This repository contains the code for a tutorial on the Truffle language implementation framework that I've written for my blog. It focuses on implementing a language I call EasyScript, which is a very simplified subset of JavaScript.

The repository is divided into multiple parts, each corresponding to a part of the blog article. Each part focuses on explaining a small set of Truffle capabilities, and builds on top of the previous parts by adding more features to the EasyScript language implementation.

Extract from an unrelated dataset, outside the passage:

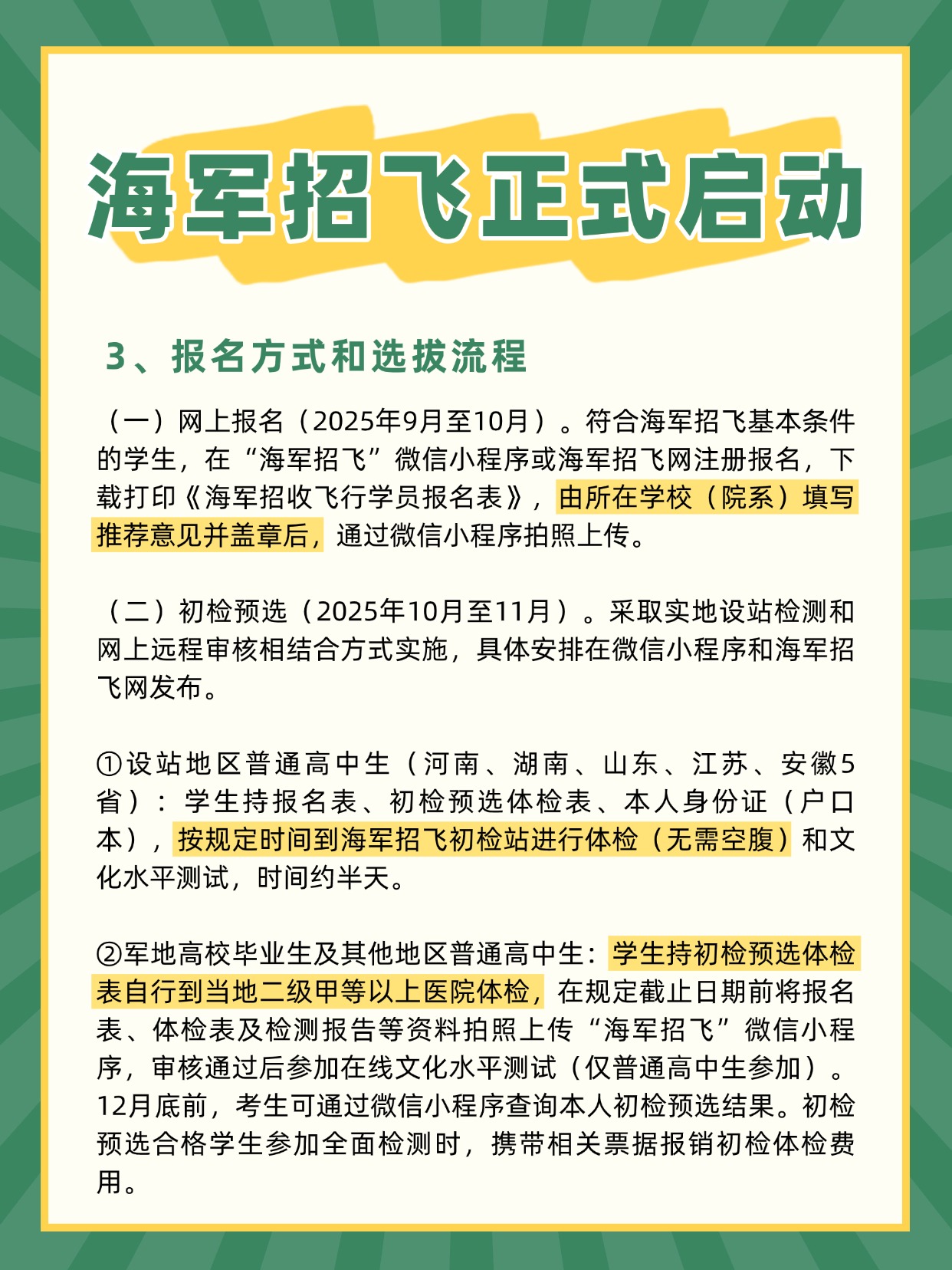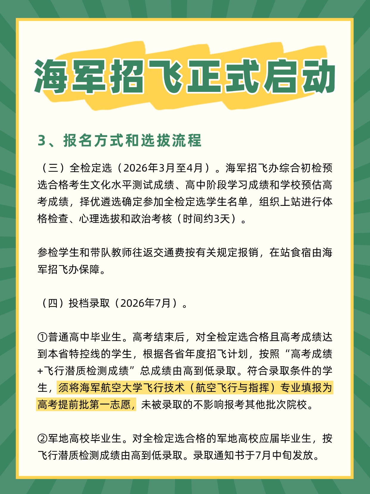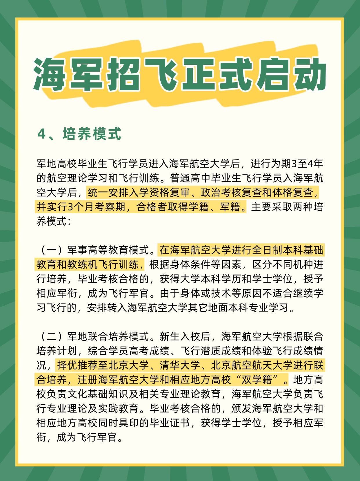 海军舰载机飞行员招飞属国家行为,在教育部、公安部及军委机关领导下,由海军会同相关省份教育、公安部门组织,纳入全国普通高校招生体系,海军招飞办负责选拔工作。录取学员主要在海军航空大学学习训练。该校是全军重点建设院校、最早高等学历教育院校之一,为海军培训规模最大院校,且是全军唯一拥有海湾、海军唯一拥有机场的院校,被誉为 “海空骄子的摇篮”。

Each part is a separate Gradle submodule, and so gets built when you build the top-level project.

Setup

To build and execute this project, you need a GraalVM installation on your local machine. The free Community Edition works fine if you don't have the paid Enterprise Edition. You can download it from here: https://github.com/graalvm/graalvm-ce-builds/releases. This repository uses Java 11 features, so make sure to download a version for Java 11.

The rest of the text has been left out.